Emerging market private equity funds offer institutional investors diversification, differentiated return drivers and an exposure to sector and geographical areas not accessible through stock exchanges. However, their performance is still unclear.
Data from eFront, the world’s leading alternative investment management software and solutions provider, shows that the pooled average performance of emerging market funds is lower than in developed markets, with returns of 1.46x and 1.55x respectively (see chart in attached).
However, as a result of emerging markets being heavily focused on venture and growth capital investments, which have a longer time to liquidity and report the value of their portfolio as the historical value, rather than fair market value, the performance of emerging market funds might be significantly understated.
A like-for-like comparison between emerging and developed markets funds in terms of strategy provides further insights:
- Emerging market venture funds outperform (1.58x) their developed market peers (1.52x)

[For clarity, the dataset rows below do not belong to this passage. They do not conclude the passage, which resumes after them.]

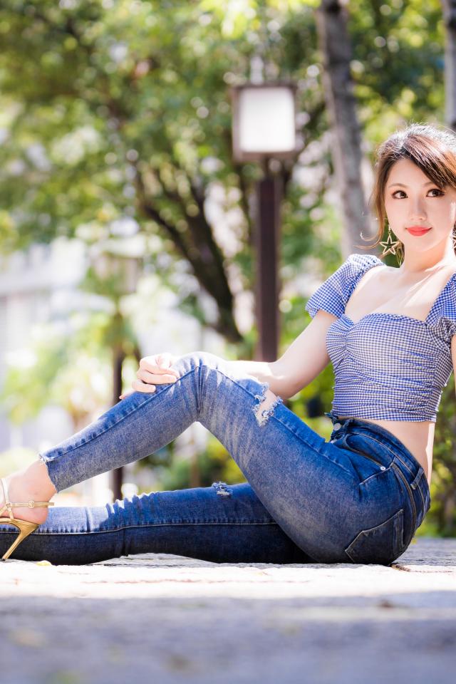 Wallpaper Beautiful asian woman in jeans sits on the ground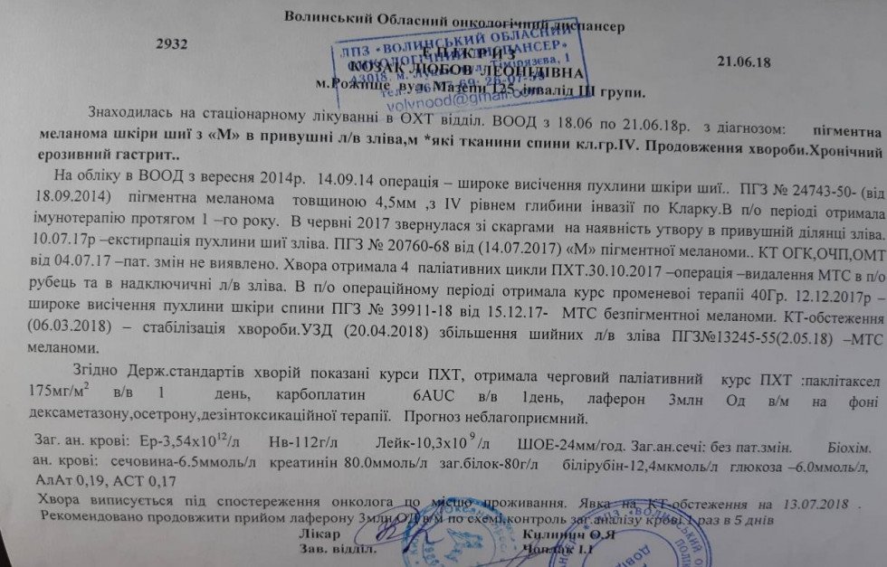 Здавалося, все минулося. Але підступна хвороба не відступила, навпаки, прогресувала. З липня 2017 року Любов Козак перенесла дев'ять «хімій».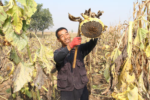10月13日,原平市解村鄉(xiāng)圪坨村林同種植專業(yè)合作社正在收獲向日葵,該社引進三瑞公司種植1000余畝SH363向日葵喜獲豐收。近年來,該市積極引導農(nóng)民調(diào)整農(nóng)業(yè)產(chǎn)業(yè)結(jié)構(gòu),采取“合作社+農(nóng)戶”的模式,向日葵比玉米收入高四倍,銷售價每斤4塊左右,合作社為農(nóng)戶提供種子、種植技術(shù)等服務(wù),帶動當?shù)厝罕娫鍪罩赂弧?span style="font-family: 楷體,楷體_gb2312, simkai">圖為解村鄉(xiāng)村民趁著秋高氣爽的晴好天氣,在田間地頭葵花籽的情景。(褚震 攝)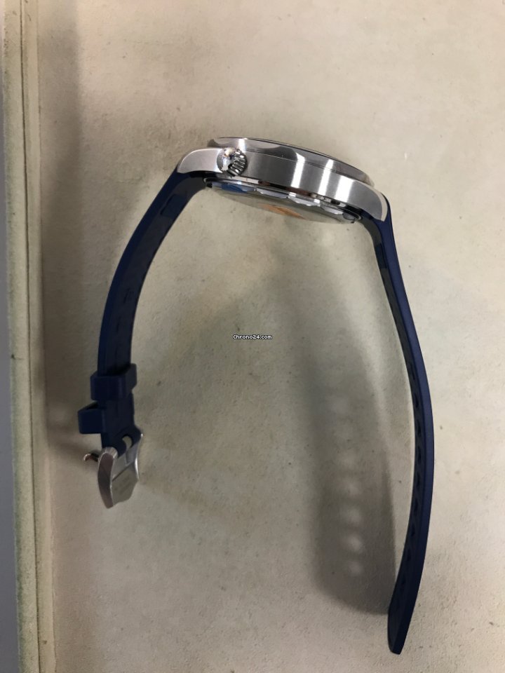 This 42 mm model is crafted from stainless steel and includes a blue ceramic bezel with a white enamel diving scale. The dial is also polished blue ceramic and features laser-engraved waves and a date window at 6 o'clock.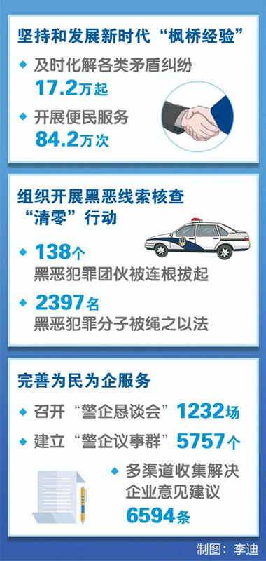 坚决护航经济发展。聚焦企业群众所需所盼,创新建立“民声呼应”涉公安事项闭环办理和全省公安系统“民有所呼、警必回应”工作机制,主动搭建“警企恳谈会”“警企直通车”等渠道问需求计,真正把服务做到企业群众心坎上。持续推进“安商护企创一流营商环境”活动,研究出台一系列利企惠企措施。严厉打击各类涉企违法犯罪,加大联合执法力度,让企业安心经营、放心发展。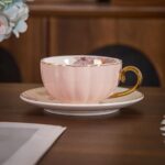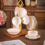 طقم كامل يحتوي على أكواب، أطباق شاي، وحامل منظم يمنحك مظهرًا مثاليًا عند التقديم.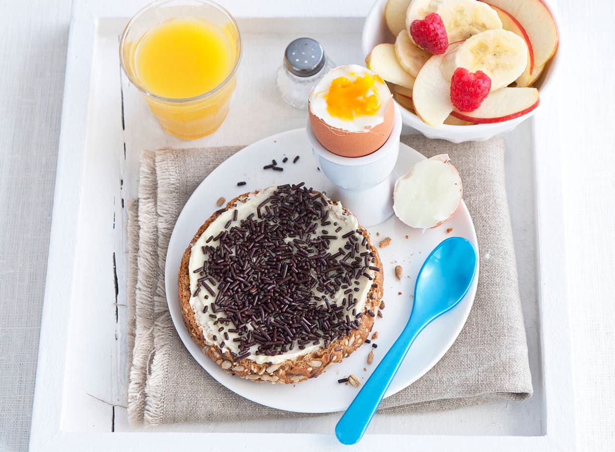 Leg op 4 bordjes een beschuit, besmeer met de boter en bestrooi met hagelslag. Serveer op een dienblad met de fruitsalade en de gekookte eieren.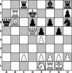 game notation in PGN-format [Event "Lied der Nibelungen"] [Site "www.myChess.de"] [Date "2021.06.18"] [Round "1"] [White "MiFie"] [Black "Haneken"] [ECO "C41"] [WhitemyELO "1034"] [BlackmyELO "1131"] [Result "1-0"] [TimeControl "10/2592000"] [WhiteDays "80"] [BlackDays "85"] [MyChessNo "122436"] 1. e4 e5 2. Nf3 d6 3. Nc3 Be6 4. Bb5+ c6 5. Ba4 Qa5 6. O-O Na6 7. d3 b5 8. Bb3 b4 9. Ba4 bxc3 10. Bxc6+ Kd8 11. Bg5+ f6 12. Be3 Rc8 13. Bb7 Rc7 14. Bxa6 cxb2 15. Rb1 Qxa2 16. Bc4 Qa5 17. Rxb2 Bxc4 18. Rb8+ Ke7 19. dxc4 g5 20. Rb5 Qa6 21. Qd3 Nh6 22. Qd5 Qa2 23. Ne1 Rxc4 24. Rb7+ Kd8 25. Bxa7 Qa6 26. Rb8+ Rc8 27. Bb6+ Kd7 28. Rb7+ 1-0 position notation in FEN-format 2r2b1r/1R1k3p/qB1p1p1n/3Qp1p1/4P3/8/2P1PPPP/4NRK1 - - - 6 28 Captured white pieces: Captured black pieces: Click on a captured piece in order to display the desired move!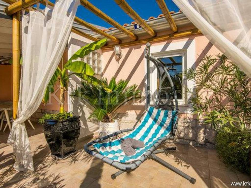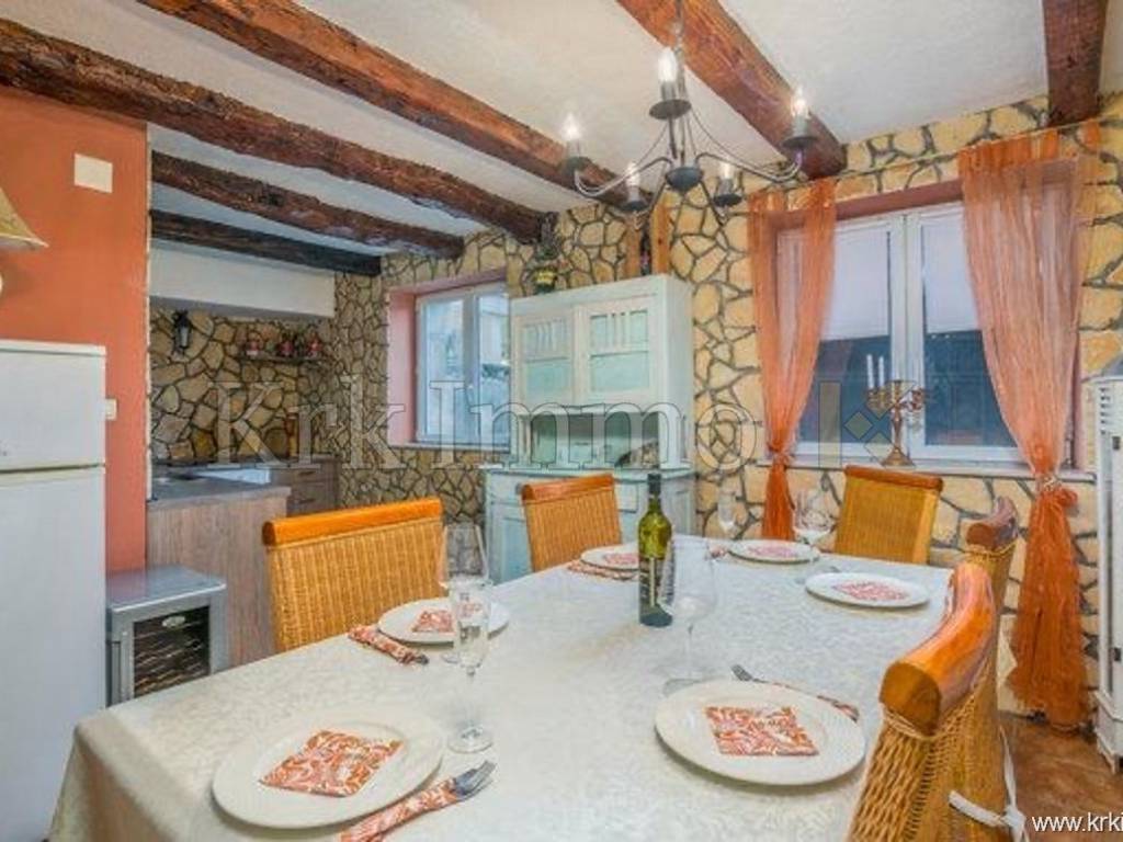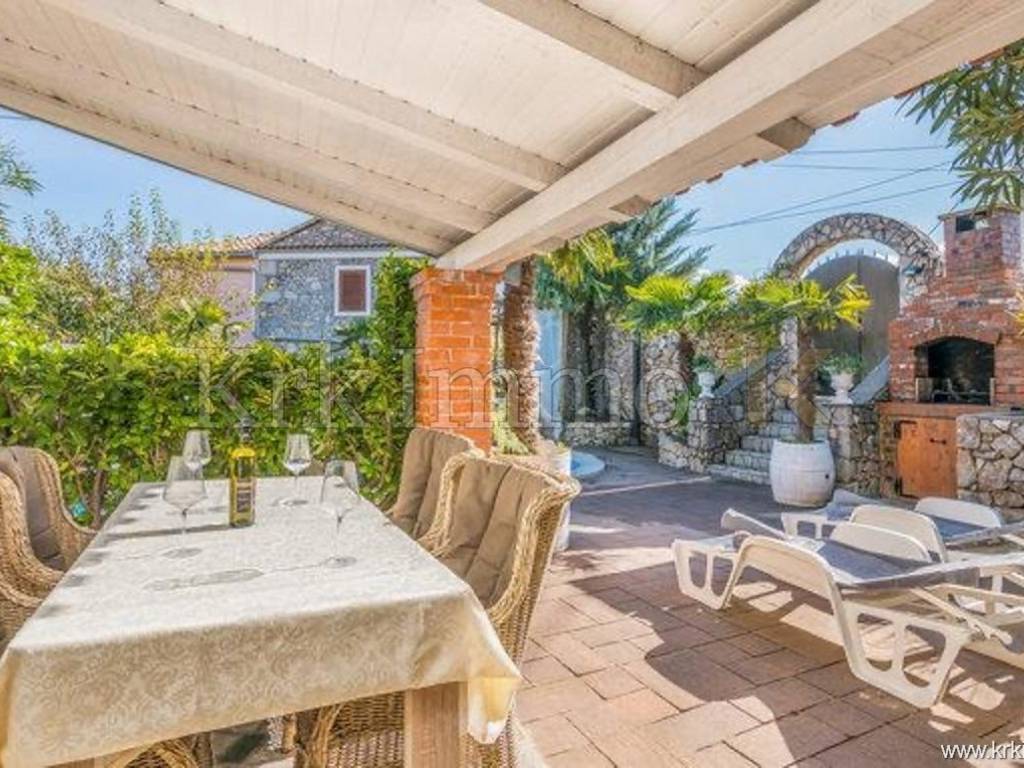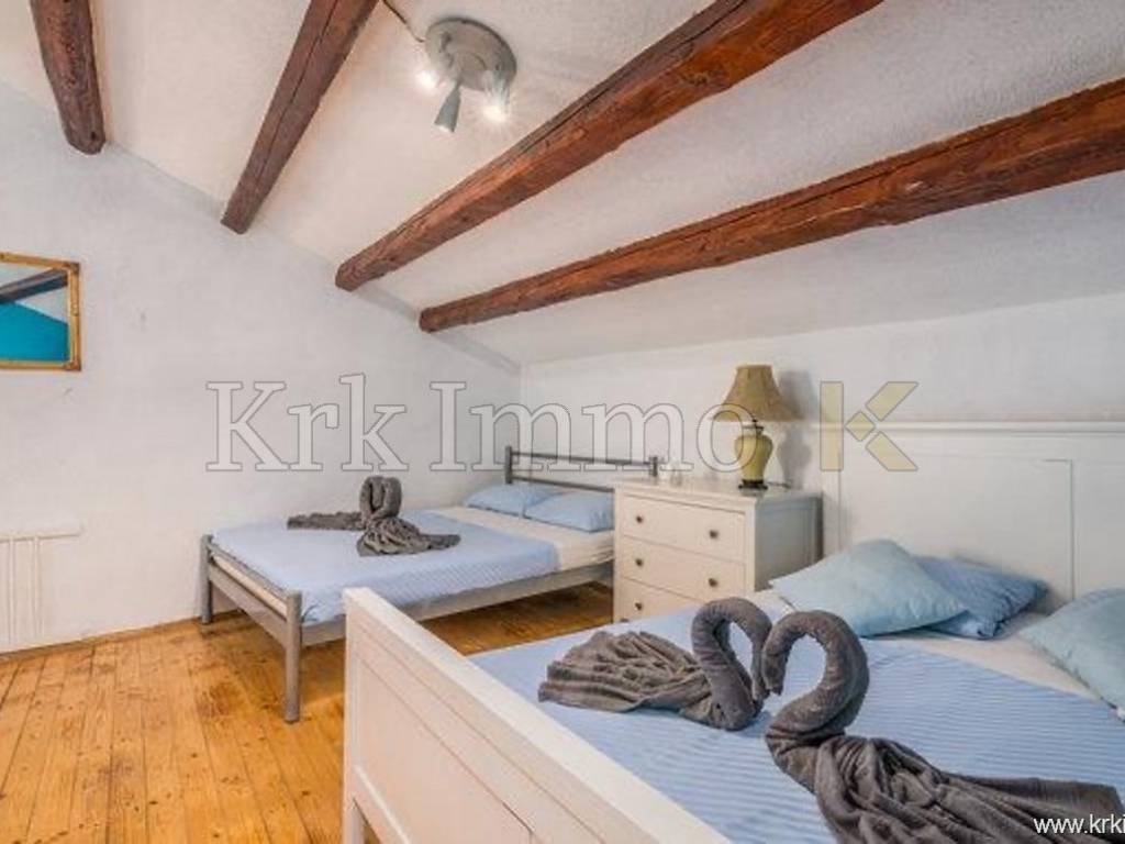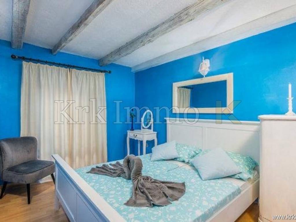 For sale is a furnished apartment house in a quiet location on the island of Krk. This house has two floors and a total area of ​​125 m2. On the ground floor is the first apartment, which consists of two bedrooms, a bathroom, a kitchen, a dining room and a living room with access to a covered terrace and a landscaped garden.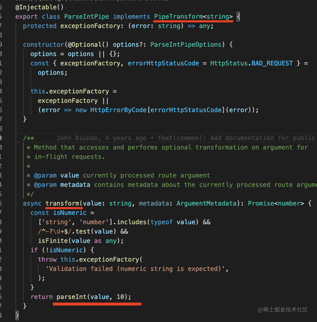 比如 ParseIntPipe 的源码是这样的: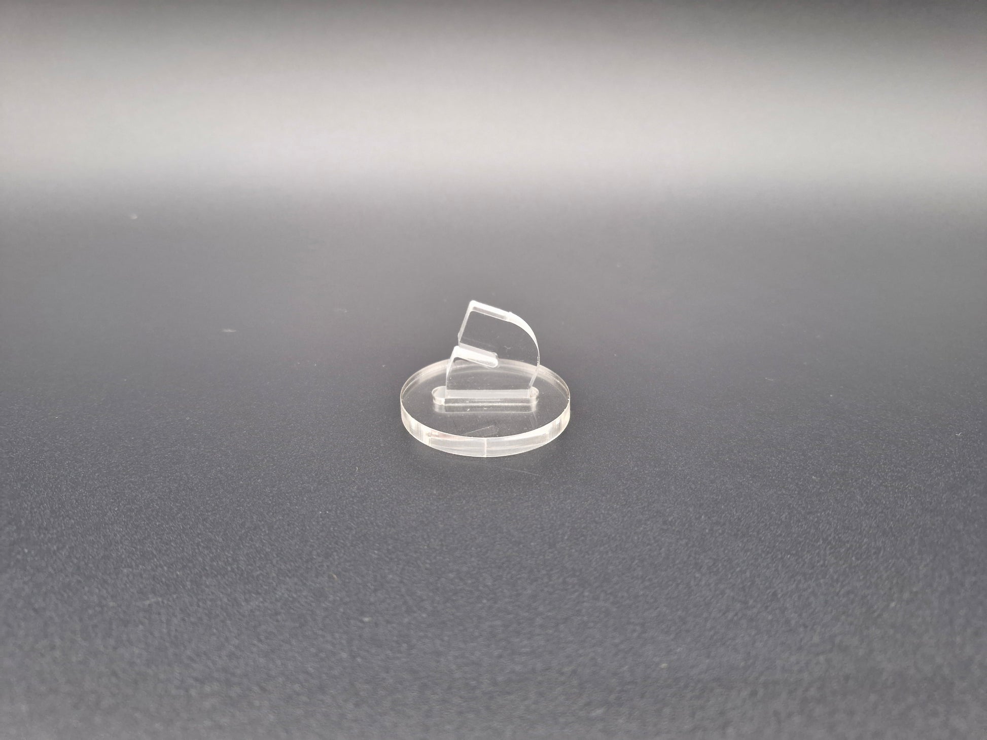 Made of clear acrylic this stand is extremely secure. Item will arrive in protective clear film that needs to be taken off.

- However, on a risk-adjusted basis (5% spread), developed market funds outperform
- This outperformance disappears if the 25% spread is used
- For LBO, developed market funds outperform (1.55x) their emerging market peers (1.39x)
- However, on a risk-adjusted basis (5% spread), emerging market funds outperform
- As with venture capital firms, this outperformance disappears if the 25% spread is used
In addition, LBO fund managers in developed markets seem to be able to maximise performance during the harvesting period, while LBO funds in emerging markets seem to exhibit a different pattern: assets not sold before the eighth year of the life of a fund generate only modest incremental returns (see chart in attached).
The positive news for investors in emerging markets is that, assuming that residual values are converted in equivalent or higher distributions, the risk-return profile of emerging market private equity funds is similar to those of developed markets.